Шрифт:
А вот ему, наоборот, приятно. И ведь как, от компьютеров тошнило, телевизор он практически не смотрел, радиоприемники и прочие цифровые утвари и не знал. Не зря Господь ему сказал, что он из XIXвека и просто как-то перепутал.
Шел не спеша, иной раз в темноте по узкой досочке пролазил в опасности упасть в большую грязную лужу, заходил в попутные лавки, азартно там спорил по поводу стоимости товаров. В результате сам того не желая, купил чая на четвертак, сахару на гривенник, сладости он хотя и любил, но не очень. А еще темно-синие панталоны, зеленый сюртук и две батистовые рубахи задешево.
Приказчики ему, по случаю молодости и зеленой наивности, сначала пытались всучить, что похуже и по дороже, считая его, в общем-то правильно, дворянским недорослем, глупым и неопытным. Но внутри-то у него находился попаданец, прожженный спекулянт XXI века, который сам мог научить продавцов (и учил иной раз в будущем) как и кому втюхивать рухлядь, а кому и лучше не надо.
Похоже было, что какая-то специфическая связьXIXвека здесь все же существовала. Он не знал какая, но она была. Чем дальше он входил в лавки, тем меньше приказчики пытались его обуть. Или он приходил все тверже и уверенней?
К квартире Авдотьи он пришел буквально к ночи. Или, по крайней мере, поздним вечером. Во всяком случае, уже у своего дома его задержал будочник и Андрей Георгиевич был вынужден объяснятся. Дворянский его слог будочника успокоил. В XIX веке все прослойки вольно или не вольно разговаривали на своем языке. Хотя бы дворяне и простонародье сильно различались.
Это было не только в речи, но и в платье. Недоросль, пусть и в дешевом наряде, но походил лишь в дворяне.
И будочник, поворчав, отпустил его, не став свистеть и требовать помощи громким криком. И даже поблагодарил, когда Андрей Георгиевич дал ему немного меди «за беспокойство».
Что делать, каждой эпохе была свой распорядок суток. Это мещане XXI веке, разбалованные прогрессом и техникой, ложились после полуночи и вставали поздним утром. В средневековье же жизнь людей четко определялись в первую очередь солнцем. Со светилом вставали, со светилом ложились. XIXвек в этом отношении не был исключением, простые люди вставали в 4-5 часов в зависимости от сезона, а ложились по разному, но никак не позже в 9.

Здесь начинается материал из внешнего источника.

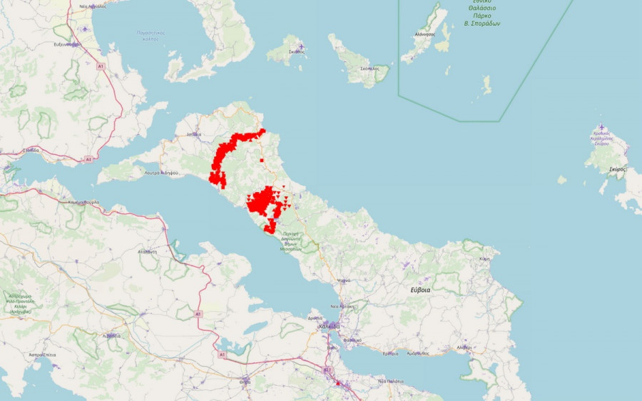 Το μήνυμα της Γ.Γ. της Πολιτικής Προστασίας αναφέρει ότι οι κάτοικοι θα πρέπει να κινηθούν προς Ιστιαία ή το Πευκί, όπου εκεί βρίσκονται φέρυ-μποτ.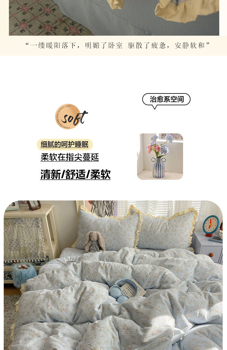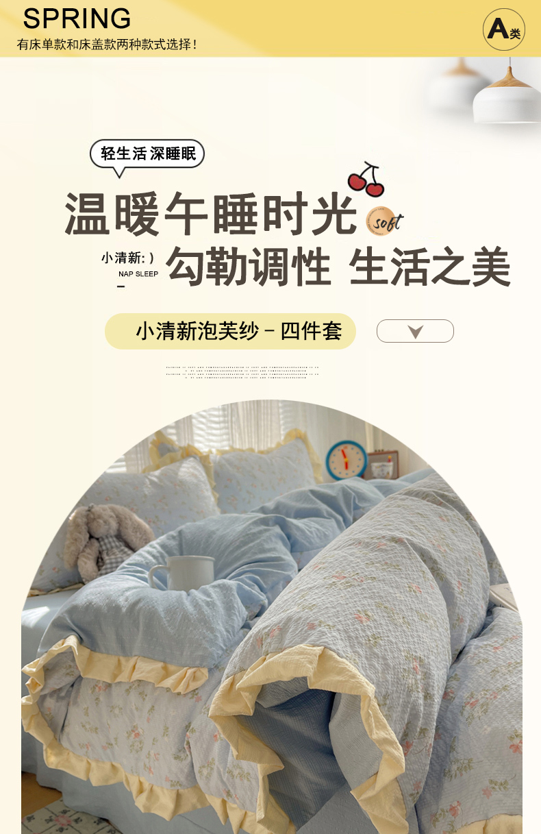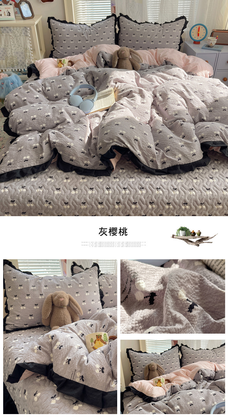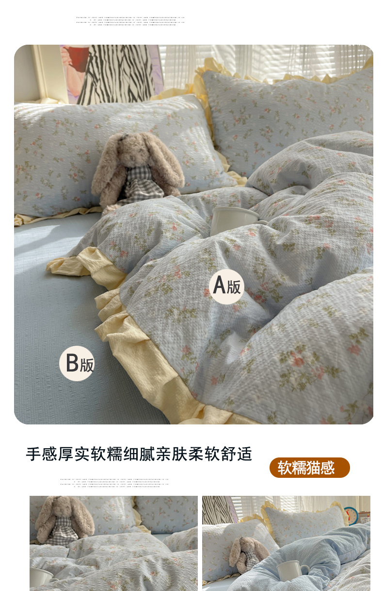 (总)迪梦姿家纺 2026新款高克重泡芙纱泡泡纱床盖款四件套系列,紫雾花蝶集,春日甜桃心米,纯宅熊,躲猫猫,花野兔眠,灰樱桃,旧街星星,猫咪集粉,莓系花伐,描线小猫咖,木马小花团,浅沙花影黄,浅沙花影蓝,田园兔,甜喵块块,甜心咖絮,甜心木马卷,兔仔花田,小兔裙边,星野蝴蝶结,悦悦小兔,只闻花香

Вот поэтому, когда попаданец, немного запоздав у прилавков лавок и на улицах центра, пришел к 11 часам, как он думал вечера, то оказалось — поздней ночью. Ему пришлось будить сначала дворника, чтобы попасть в подъезд, потом Авдотью — в квартиру.
Дворнику пришлось заткнуть рот серебряным гривенником, а Авдотье — обещанием роскошного позднего легкого ужина.
Да и то старуха оказалась очень недовольной. По крайней мере, до тех пор, пока он вытащил ей на руки кучу свертков с бакалейным и съестным товаров, наверное, на сорок копеек серебром.
Встала уже видевшая седьмой сон Полина, которой сегодня сильно попало от Авдотьи. И за невесть откуда взятый двугривенный серебром, который она была обязана отдать своей покровительце, а не бросать на какие-то товары. И за дурные товары типа яркий шелковый бант, дешевые сережки, кольцо и так далее.
Видимо, гнев хозяйки был очень страшным для девушки, поскольку Полина до сих пор была с красным лицом с явными следами от слез, а сама она была не только обиженна, но и опасливо посматривала на старушку
За поздним чаепитием Авдотья по инерции попыталась узнать о событиях на квартире в ее отсутствии. Ведь молодой человек, безусловно, порадует хозяйку. Или, хотя бы, не станет ее гневить.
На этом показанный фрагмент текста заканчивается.